The first test of a Massachusetts Supreme Judicial Court ruling on releasing prisoners because of the coronavirus has come from an unlikely place. Suffolk County District Attorney Rachael Rollins asked Tuesday that someone be returned to jail.
It what some may argue was an unusual step for Rollins, who has led the call for decarceration amid the pandemic.
Rollins filed an emergency petition with the state's highest court asking to return 40-year-old William Utley to jail, arguing he poses a "grave risk to public safety." Her petition said a lower court judge abused her discretion by releasing Utley over concerns about COVID-19.
Utley was held on second-degree murder charges for the 2018 stabbing of 33-year-old Anthony Young in Dorchester. He also faces firearms and operating under the influence charges.
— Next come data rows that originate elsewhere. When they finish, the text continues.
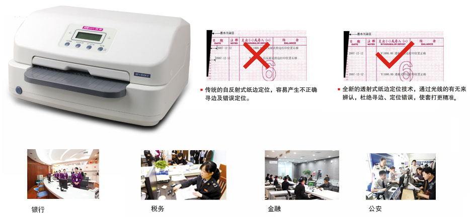 BP-900KII是一款成熟可靠、品质优越的高性能存折打印机。标配中文显示屏,可查看打印机当前状态,还能快速设置菜单参数。同时,其以低故障、低使用成本、高可靠性等,获得到了用户的一致好评,成为国内市场上的经典主流机型之一,并已经在邮储、银行、公安等行业广泛应用。
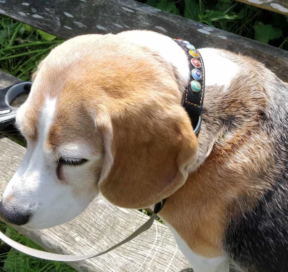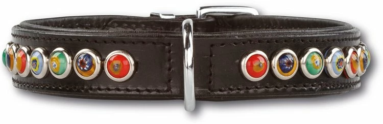 Deze halsband is gemaakt van zacht dubbellaags zwart leer. Het opvallende aan deze hondenhalsband zijn de decoraties van verschillende gekleurde ornamenten. Natuurlijk zal uw hond comfortabel deze halsband dragen want het is gevoerd met zacht kalfsleer.
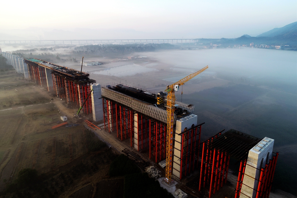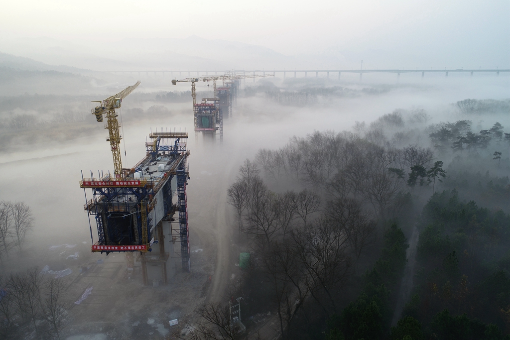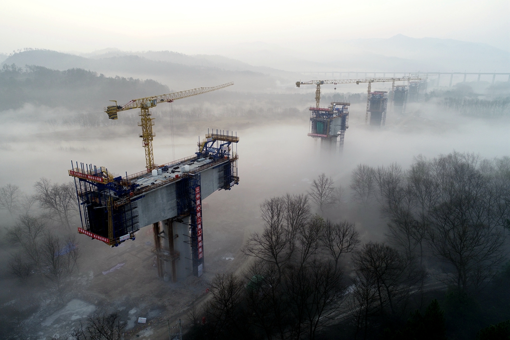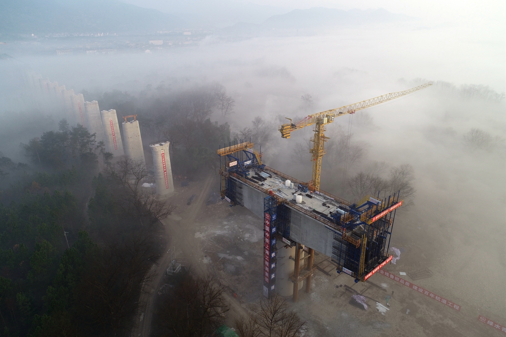 冬日,云霧彌漫,建設(shè)之中的杭溫高鐵在云霧之中時隱時現(xiàn),構(gòu)成一幅美麗的圖畫。
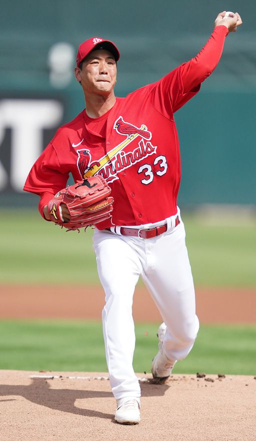 지난 2월 26일(현지시간) 세인트루이스 선발로 등판한 김광현이 역투하고 있는 모습. 연합뉴스 |

Last week, Suffolk Superior Court Judge Christine Roach released Utley to home confinement and GPS monitoring after his attorneys argued he is undergoing chemotherapy for chronic myeloid leukemia — a condition that makes him vulnerable to the virus.
“COVID-19 is particularly dangerous to people with pre-existing medical conditions such as cancer, and is even more dangerous to people with compromised immune system due to cancer treatment,” Utley’s attorneys wrote in a court filing.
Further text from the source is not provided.